Capítulo 14

Mesón La Espada, Madrid (España)

Viernes, 10 de mayo de 1585

A primera hora de la mañana, Christopher Marlowe subía de dos en dos los escalones que llevaban a su habitación en el mesón La Espada. Había permanecido algunos días fuera de Madrid y durante ese tiempo nadie había utilizado su cuarto, a pesar de la escasez de alojamientos que había en la villa. Su buen precio le había costado. Llegó a pensar en algún momento que el mesonero estaba abusando de un ingenuo joven extranjero. Pero más tarde cayó en la cuenta de que bien estaba invertido el dinero si el gasto suponía la garantía de regresar a un alojamiento asegurado, evitando así cualquier clase de sorpresa.

Una vez en el cuarto, dejó sobre la cama su bolsa. Cansado, abrió la ventana que daba a la calle y, arrimando una silla al balcón, se sentó junto a éste, observando el deambular de las gentes de la villa.

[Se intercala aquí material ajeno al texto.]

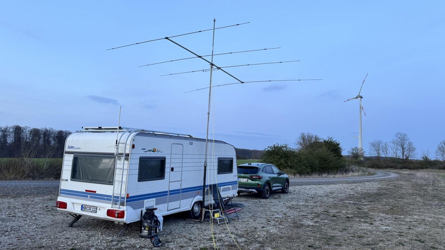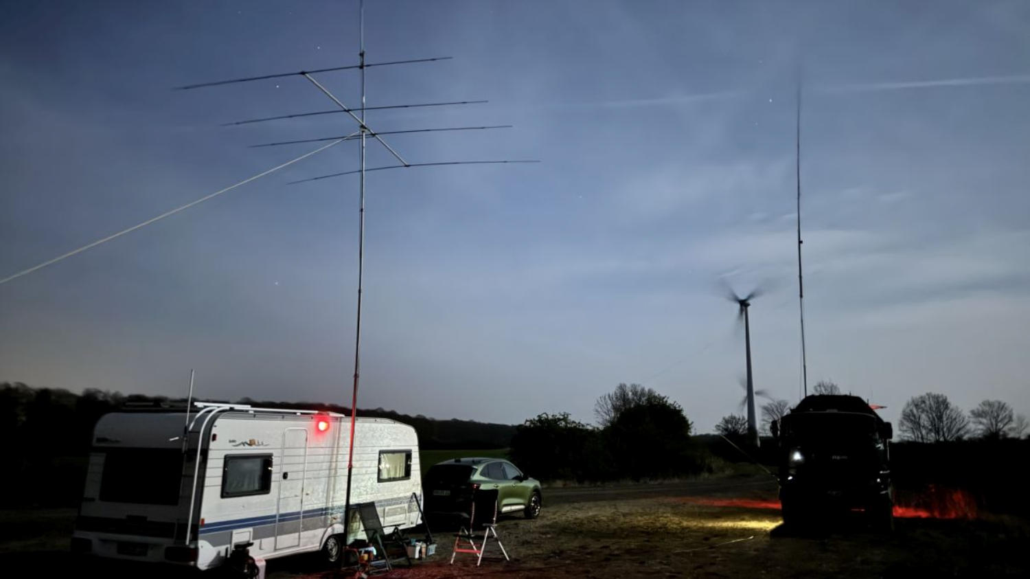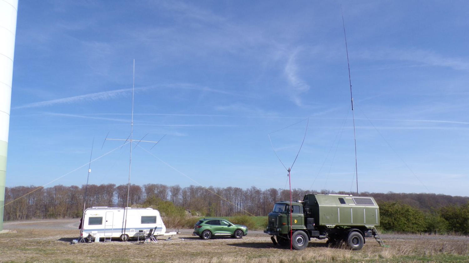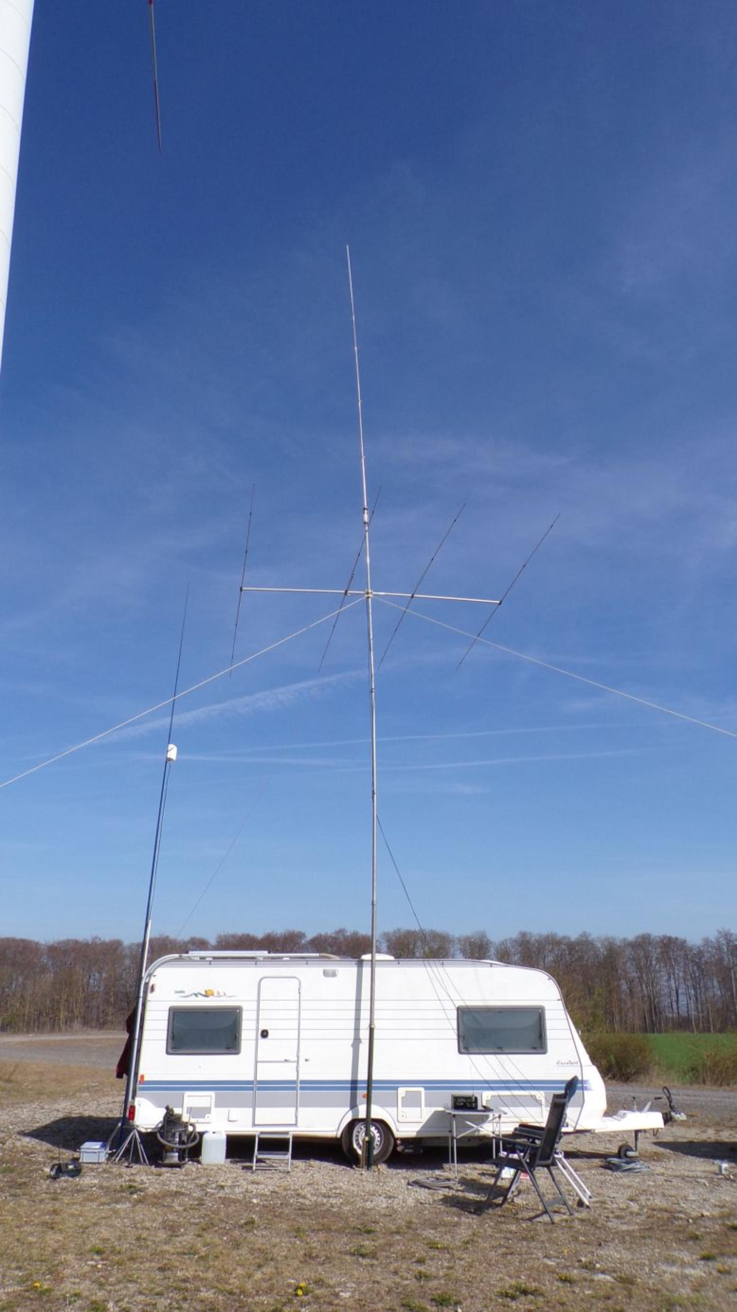 Für den CB Funk kamen überwiegendeine Halbwelle und eine ⅝ Gain Master zumEinsatz.Für Testzwecke wurden auf KW eine Langdraht2 x Delta11 (20-6m) und eine 4el. Yagi (10m)aufgebaut. Alle Antennen haben gut gespielt,DX nach Argentinien mit der Delta 11 und50W Leistung auf 10m…. kein Problem.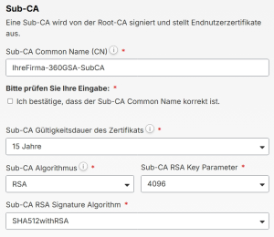 Legen Sie die Informationen für Ihre Sub-CA fest.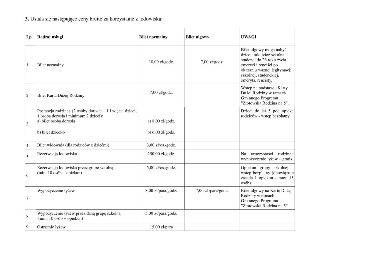- wypożyczenie łyżew - 8,00 zł/para/godz.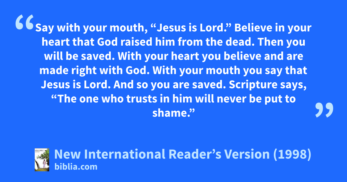 9Say with your mouth, “Jesus is Lord.” Believe in your heart that God raised him from the dead. Then you will be saved. 10With your heart you believe and are made right with God. With your mouth you say that Jesus is Lord. And so you are saved. 11Scripture says, “The one who trusts in him will never be put to shame.” (Isaiah 28:16)
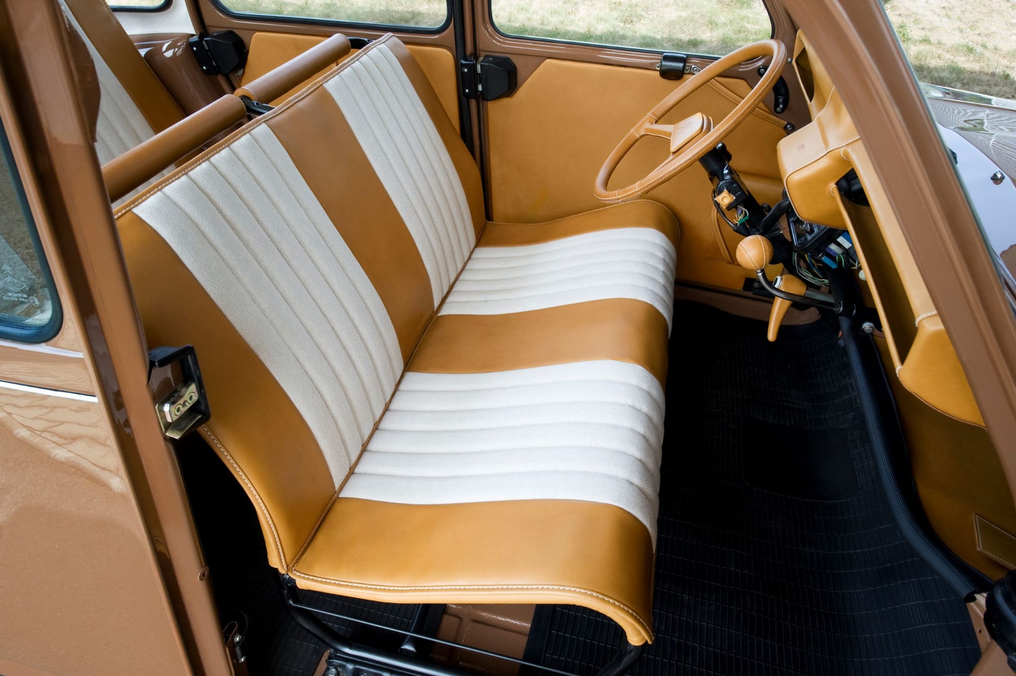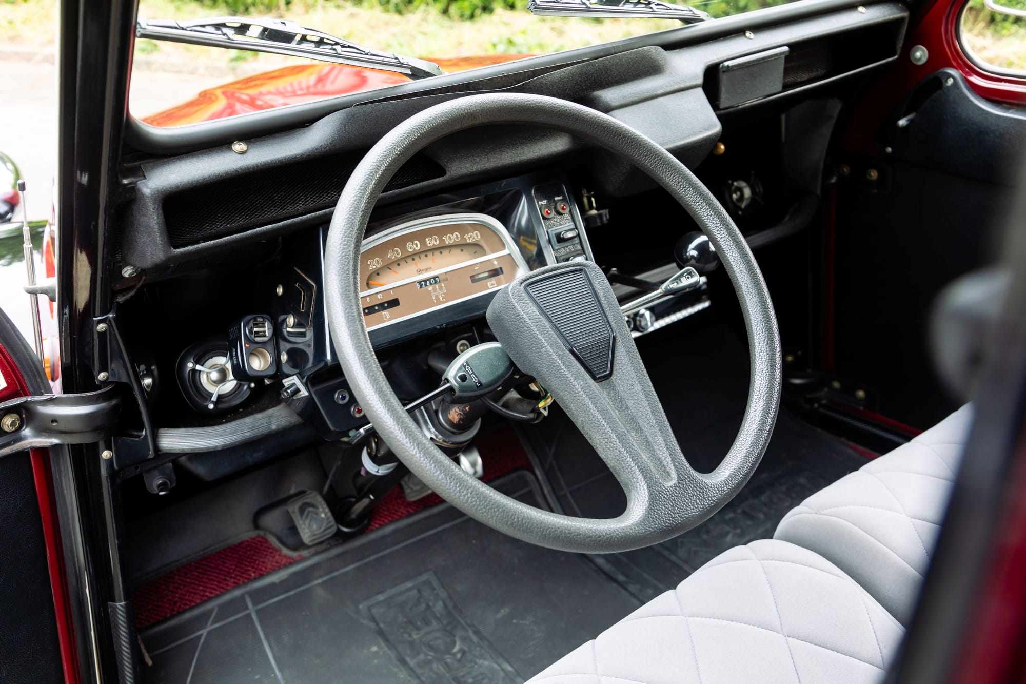 おそらく十数年ぶりに2CVに乗ったと思うのだが、シートに座ったら、記憶より硬めで少し驚いた。おそらくスポンジを新しいものに交換して日が浅いからだと思うが、使い込むうちにあのふわりとした感覚になるだろう。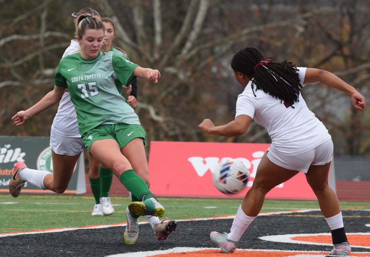 At that point, Gabby Beinecke was tackled in the box, near the left side of the end line, and South Fayette was awarded a penalty kick. Abbey Spalla converted the shot to tie the match, 1-1.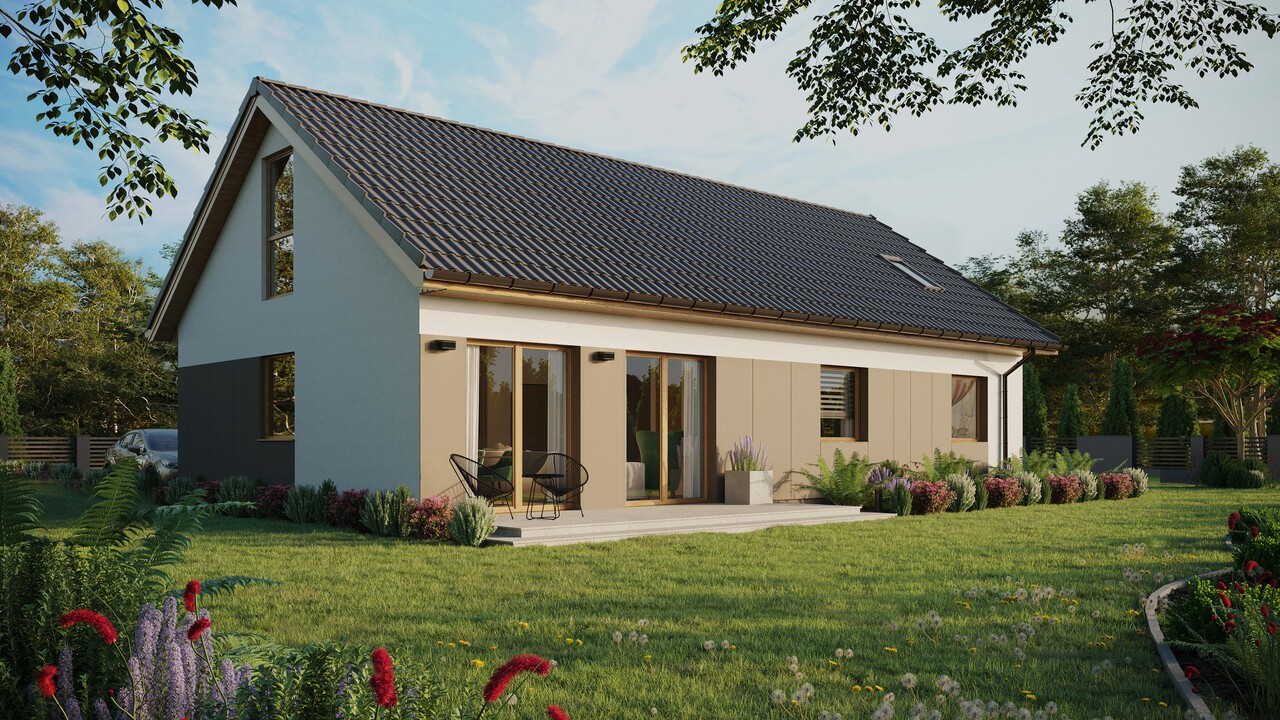 Das Projekt ERDOL 3 XL Haus mit einer Fläche von 97 m² (151 m² in der Version mit nutzbarem Dachboden) ist ein Projekt für Menschen, die mehr komfortablen Platz im Alltag haben wollen. Das Haus in dieser Version ist ein erweitertes ERDOL 3, dank dem es möglich war, die Fläche des Wohnzimmers zu vergrößern und eine separate Treppe (bei der Version mit nutzbarem Dachboden) oder einen zusätzlichen Hauswirtschaftsraum (bei der Version ohne nutzbaren Dachboden) einzurichten. Wenn Sie sich mehr Raum wünschen, ist dieses Projekt ideal für Sie. Die modernen Technologien und ökologischen

Tenía gran parte de la información que, en su opinión, sería de gran interés para los hombres de Walsingham y eso le tranquilizaba. Pronto regresaría a su casa terminando así el trato que había firmado de palabra con el primo de sir Francis Walsingham.

No habían pasado unos minutos desde que entró en su habitación cuando descubrió que no estaba solo. Sobre un taburete había una capa negra. Al instante se puso de pie echando mano a la daga de la que nunca se separaba.

—Demasiado tarde, señor Shelton. Creo que todavía no es consciente de los peligros que le atañen.

Diego Martínez se encontraba apoyado en una de las paredes de la habitación. Jugueteaba con el filo de su espada.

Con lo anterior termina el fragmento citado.